Material shown:
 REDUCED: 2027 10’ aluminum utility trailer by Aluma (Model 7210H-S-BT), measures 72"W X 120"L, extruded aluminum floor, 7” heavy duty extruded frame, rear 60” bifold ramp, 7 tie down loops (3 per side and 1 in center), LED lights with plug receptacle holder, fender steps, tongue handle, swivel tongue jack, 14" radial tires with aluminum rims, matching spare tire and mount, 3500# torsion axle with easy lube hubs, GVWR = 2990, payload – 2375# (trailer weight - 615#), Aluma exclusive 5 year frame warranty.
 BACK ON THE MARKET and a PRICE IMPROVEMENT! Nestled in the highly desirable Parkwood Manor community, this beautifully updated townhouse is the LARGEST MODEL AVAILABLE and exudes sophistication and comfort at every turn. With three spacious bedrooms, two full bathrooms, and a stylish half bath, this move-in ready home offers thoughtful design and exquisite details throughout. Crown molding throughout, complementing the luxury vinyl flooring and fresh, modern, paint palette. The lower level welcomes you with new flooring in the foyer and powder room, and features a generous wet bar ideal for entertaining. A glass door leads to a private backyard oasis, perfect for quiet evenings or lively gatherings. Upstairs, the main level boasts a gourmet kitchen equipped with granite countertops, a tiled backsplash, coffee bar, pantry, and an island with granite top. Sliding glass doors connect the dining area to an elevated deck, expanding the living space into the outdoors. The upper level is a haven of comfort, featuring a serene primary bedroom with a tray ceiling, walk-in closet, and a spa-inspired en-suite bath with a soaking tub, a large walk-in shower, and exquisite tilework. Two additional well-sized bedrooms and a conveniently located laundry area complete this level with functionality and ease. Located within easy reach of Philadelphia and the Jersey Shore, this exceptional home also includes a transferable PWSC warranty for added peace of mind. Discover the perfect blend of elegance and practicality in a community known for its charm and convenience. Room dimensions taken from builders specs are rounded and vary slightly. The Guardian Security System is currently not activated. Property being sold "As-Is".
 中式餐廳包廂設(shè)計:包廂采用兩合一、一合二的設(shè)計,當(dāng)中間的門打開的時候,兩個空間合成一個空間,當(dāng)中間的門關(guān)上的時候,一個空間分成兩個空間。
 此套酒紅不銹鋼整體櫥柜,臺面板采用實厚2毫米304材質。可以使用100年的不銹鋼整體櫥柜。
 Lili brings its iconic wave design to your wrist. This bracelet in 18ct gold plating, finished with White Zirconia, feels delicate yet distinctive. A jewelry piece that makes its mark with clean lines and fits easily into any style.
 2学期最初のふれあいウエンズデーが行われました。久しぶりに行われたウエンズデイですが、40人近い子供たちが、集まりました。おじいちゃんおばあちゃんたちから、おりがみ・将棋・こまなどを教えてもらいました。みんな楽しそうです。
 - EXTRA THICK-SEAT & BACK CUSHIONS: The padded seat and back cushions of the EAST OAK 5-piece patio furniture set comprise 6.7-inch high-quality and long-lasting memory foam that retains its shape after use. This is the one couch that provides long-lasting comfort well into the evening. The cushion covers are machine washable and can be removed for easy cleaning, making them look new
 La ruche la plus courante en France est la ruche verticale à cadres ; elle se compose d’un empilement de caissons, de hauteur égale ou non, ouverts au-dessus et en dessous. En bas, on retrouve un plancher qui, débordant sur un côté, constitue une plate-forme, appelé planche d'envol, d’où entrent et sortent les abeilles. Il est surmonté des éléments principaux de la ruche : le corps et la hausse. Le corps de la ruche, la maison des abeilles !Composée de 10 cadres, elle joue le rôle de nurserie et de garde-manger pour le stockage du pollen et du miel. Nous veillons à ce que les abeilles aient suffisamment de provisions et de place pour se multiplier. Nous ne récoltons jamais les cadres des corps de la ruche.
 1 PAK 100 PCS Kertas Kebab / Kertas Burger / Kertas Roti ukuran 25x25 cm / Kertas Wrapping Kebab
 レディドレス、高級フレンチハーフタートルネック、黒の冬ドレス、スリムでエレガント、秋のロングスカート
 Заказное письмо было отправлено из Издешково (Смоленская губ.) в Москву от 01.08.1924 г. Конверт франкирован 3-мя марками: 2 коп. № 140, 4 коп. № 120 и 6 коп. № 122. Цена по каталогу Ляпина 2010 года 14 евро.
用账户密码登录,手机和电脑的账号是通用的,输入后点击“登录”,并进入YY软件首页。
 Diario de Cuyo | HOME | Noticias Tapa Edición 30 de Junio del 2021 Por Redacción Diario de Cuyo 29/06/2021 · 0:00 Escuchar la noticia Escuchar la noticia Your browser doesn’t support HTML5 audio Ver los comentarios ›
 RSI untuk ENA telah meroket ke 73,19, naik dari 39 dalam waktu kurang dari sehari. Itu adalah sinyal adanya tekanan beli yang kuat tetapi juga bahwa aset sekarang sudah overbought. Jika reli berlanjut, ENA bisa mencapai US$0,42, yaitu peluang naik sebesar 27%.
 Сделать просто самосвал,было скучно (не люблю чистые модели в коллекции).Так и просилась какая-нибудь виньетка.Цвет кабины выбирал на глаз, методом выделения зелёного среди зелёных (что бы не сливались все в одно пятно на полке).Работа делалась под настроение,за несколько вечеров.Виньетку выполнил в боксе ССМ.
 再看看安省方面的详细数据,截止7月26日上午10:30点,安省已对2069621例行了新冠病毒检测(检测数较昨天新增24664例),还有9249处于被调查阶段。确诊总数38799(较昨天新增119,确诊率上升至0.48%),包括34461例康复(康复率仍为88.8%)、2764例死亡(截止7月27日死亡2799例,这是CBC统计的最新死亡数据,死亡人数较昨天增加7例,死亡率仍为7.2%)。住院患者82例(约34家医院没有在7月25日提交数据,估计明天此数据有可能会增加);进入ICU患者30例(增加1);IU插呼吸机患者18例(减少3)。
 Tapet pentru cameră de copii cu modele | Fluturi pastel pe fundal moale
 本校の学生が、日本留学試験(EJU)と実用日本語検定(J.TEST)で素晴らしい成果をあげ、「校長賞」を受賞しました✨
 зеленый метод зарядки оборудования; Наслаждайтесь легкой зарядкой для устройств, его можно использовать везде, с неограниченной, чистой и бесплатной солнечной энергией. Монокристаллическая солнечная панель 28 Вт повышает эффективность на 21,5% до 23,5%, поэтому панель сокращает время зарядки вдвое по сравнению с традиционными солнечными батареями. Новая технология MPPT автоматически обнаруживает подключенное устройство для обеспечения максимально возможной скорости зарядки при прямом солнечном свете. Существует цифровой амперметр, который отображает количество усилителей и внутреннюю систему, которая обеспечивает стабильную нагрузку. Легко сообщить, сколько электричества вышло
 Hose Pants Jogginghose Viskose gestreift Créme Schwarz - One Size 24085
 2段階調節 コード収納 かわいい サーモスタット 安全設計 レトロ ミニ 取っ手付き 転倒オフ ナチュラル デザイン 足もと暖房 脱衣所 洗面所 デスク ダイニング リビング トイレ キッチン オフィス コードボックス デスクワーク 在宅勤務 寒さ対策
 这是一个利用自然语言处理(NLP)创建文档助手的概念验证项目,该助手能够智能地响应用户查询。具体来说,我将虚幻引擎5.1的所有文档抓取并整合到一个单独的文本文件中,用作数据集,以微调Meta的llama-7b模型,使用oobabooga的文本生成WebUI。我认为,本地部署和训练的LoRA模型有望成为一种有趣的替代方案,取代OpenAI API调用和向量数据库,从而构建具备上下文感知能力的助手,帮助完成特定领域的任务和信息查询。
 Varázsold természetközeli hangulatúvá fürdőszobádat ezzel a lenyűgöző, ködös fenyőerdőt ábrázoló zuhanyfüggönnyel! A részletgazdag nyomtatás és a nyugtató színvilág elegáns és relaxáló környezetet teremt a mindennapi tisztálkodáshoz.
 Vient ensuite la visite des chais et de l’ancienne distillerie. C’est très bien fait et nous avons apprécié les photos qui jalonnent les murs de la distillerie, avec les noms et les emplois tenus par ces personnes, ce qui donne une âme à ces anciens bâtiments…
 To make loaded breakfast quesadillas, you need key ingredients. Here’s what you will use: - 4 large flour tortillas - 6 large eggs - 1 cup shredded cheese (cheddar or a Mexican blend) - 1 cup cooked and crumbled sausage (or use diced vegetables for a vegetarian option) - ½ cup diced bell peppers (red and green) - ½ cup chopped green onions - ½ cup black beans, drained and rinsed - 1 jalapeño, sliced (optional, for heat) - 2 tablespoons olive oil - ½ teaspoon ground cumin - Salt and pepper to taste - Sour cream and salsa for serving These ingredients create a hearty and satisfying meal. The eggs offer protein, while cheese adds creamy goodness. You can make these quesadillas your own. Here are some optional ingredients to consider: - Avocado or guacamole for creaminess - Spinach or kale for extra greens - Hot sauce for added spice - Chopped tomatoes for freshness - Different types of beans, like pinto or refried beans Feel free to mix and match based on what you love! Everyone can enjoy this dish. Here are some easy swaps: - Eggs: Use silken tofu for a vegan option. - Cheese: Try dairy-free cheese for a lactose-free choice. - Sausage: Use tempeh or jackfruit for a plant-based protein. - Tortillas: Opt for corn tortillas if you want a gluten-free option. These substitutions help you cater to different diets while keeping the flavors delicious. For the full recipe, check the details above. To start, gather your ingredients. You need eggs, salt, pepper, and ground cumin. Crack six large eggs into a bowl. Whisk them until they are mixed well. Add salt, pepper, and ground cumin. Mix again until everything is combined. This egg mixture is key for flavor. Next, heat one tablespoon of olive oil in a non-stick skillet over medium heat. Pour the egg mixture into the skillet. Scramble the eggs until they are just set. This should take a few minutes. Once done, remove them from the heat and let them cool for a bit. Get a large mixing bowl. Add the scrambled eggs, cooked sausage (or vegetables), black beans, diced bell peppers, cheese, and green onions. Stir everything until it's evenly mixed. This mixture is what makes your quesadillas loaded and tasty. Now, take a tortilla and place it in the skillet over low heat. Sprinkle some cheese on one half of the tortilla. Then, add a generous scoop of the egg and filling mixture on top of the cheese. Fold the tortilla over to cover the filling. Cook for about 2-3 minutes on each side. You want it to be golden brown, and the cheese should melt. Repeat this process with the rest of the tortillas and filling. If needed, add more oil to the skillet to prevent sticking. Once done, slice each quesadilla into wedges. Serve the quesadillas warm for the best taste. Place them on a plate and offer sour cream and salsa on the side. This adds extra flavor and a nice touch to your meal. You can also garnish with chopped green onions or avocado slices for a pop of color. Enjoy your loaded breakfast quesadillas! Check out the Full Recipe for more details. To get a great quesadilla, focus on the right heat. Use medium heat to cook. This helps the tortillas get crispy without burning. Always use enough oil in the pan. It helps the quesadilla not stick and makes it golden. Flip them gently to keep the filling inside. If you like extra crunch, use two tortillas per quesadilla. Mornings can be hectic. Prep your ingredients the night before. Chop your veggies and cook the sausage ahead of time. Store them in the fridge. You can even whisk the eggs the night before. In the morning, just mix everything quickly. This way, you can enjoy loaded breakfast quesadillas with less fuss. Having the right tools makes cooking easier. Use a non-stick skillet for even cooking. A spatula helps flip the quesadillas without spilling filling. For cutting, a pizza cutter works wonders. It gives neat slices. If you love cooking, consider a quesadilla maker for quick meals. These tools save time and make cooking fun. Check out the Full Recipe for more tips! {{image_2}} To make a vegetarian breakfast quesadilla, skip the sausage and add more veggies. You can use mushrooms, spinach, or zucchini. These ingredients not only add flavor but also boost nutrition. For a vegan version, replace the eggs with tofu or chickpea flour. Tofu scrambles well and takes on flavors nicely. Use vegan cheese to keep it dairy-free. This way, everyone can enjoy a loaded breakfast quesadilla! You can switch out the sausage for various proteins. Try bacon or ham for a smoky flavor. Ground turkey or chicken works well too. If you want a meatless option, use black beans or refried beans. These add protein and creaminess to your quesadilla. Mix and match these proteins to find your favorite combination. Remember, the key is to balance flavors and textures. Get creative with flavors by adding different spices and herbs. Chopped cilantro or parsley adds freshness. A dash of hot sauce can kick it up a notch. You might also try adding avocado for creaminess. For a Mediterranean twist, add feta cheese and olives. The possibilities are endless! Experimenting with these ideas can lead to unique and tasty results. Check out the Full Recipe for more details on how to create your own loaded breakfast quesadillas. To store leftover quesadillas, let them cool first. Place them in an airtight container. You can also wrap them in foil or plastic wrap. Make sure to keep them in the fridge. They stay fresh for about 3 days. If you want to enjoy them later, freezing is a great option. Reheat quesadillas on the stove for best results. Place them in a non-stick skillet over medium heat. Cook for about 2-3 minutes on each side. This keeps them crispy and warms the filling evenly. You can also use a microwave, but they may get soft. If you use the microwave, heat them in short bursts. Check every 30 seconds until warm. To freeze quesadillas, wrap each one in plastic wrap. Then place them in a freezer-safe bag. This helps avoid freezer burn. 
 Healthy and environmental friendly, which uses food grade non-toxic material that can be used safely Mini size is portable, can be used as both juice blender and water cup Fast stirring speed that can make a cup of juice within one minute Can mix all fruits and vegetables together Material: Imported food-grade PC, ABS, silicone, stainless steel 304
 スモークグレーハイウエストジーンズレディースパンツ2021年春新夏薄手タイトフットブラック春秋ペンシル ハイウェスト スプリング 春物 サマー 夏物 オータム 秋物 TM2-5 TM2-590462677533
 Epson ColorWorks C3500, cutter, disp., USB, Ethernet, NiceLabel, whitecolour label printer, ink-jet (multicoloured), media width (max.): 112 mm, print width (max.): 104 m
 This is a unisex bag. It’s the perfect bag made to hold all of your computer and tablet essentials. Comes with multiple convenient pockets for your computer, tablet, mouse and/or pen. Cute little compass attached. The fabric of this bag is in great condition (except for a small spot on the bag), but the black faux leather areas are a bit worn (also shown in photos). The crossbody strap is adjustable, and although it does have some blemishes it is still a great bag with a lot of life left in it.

Work request: Give back every line of the listing where the word "that" shows up.

Expected output:
 Lili brings its iconic wave design to your wrist. This bracelet in 18ct gold plating, finished with White Zirconia, feels delicate yet distinctive. A jewelry piece that makes its mark with clean lines and fits easily into any style.
 - EXTRA THICK-SEAT & BACK CUSHIONS: The padded seat and back cushions of the EAST OAK 5-piece patio furniture set comprise 6.7-inch high-quality and long-lasting memory foam that retains its shape after use. This is the one couch that provides long-lasting comfort well into the evening. The cushion covers are machine washable and can be removed for easy cleaning, making them look new
 Healthy and environmental friendly, which uses food grade non-toxic material that can be used safely Mini size is portable, can be used as both juice blender and water cup Fast stirring speed that can make a cup of juice within one minute Can mix all fruits and vegetables together Material: Imported food-grade PC, ABS, silicone, stainless steel 304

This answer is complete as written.